Top of Information provided
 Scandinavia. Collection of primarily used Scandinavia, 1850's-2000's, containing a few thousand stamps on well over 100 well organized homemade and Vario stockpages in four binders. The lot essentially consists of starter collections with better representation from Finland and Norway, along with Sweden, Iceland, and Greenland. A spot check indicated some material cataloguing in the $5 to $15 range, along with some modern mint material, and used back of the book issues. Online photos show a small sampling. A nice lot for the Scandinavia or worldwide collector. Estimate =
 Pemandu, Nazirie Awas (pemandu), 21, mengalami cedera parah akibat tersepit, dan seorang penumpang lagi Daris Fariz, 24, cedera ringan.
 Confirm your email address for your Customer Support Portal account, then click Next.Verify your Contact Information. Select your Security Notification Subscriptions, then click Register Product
Bottom of Information provided
Top of Information provided
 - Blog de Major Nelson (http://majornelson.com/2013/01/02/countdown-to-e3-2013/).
Bottom of Information provided
Top of Information provided
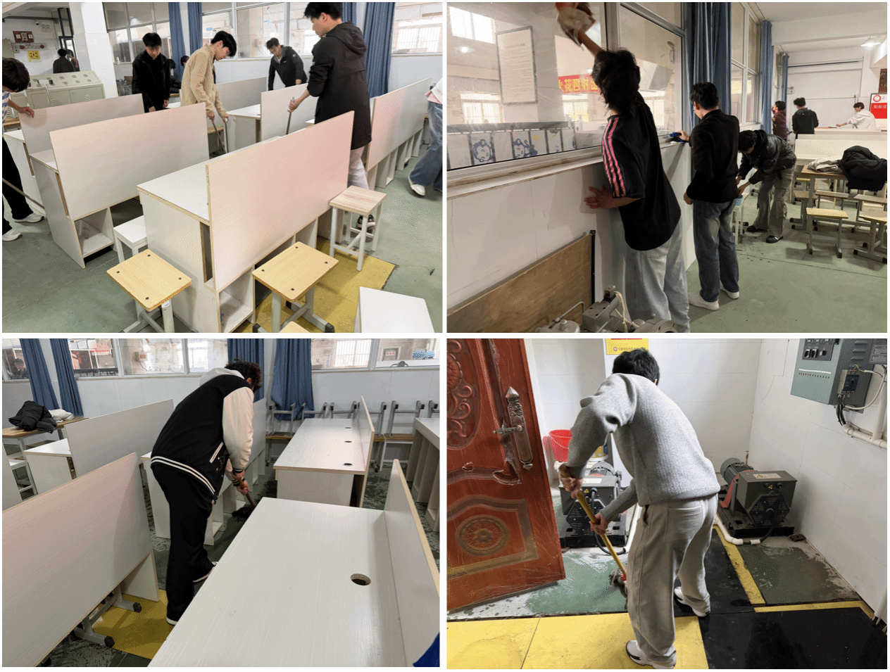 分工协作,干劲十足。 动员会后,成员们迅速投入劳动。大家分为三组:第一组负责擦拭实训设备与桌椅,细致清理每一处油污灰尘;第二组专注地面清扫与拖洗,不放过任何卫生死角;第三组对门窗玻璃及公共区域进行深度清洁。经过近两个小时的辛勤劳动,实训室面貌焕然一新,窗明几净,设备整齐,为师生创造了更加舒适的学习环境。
Bottom of Information provided
Task details
Produce only the lines from the line containing "Scandinavia. Collection of" through the line containing "Confirm your email", inclusive of both, exactly as they stand in the entries above.

Answer box
 Scandinavia. Collection of primarily used Scandinavia, 1850's-2000's, containing a few thousand stamps on well over 100 well organized homemade and Vario stockpages in four binders. The lot essentially consists of starter collections with better representation from Finland and Norway, along with Sweden, Iceland, and Greenland. A spot check indicated some material cataloguing in the $5 to $15 range, along with some modern mint material, and used back of the book issues. Online photos show a small sampling. A nice lot for the Scandinavia or worldwide collector. Estimate =
 Pemandu, Nazirie Awas (pemandu), 21, mengalami cedera parah akibat tersepit, dan seorang penumpang lagi Daris Fariz, 24, cedera ringan.
 Confirm your email address for your Customer Support Portal account, then click Next.Verify your Contact Information. Select your Security Notification Subscriptions, then click Register Product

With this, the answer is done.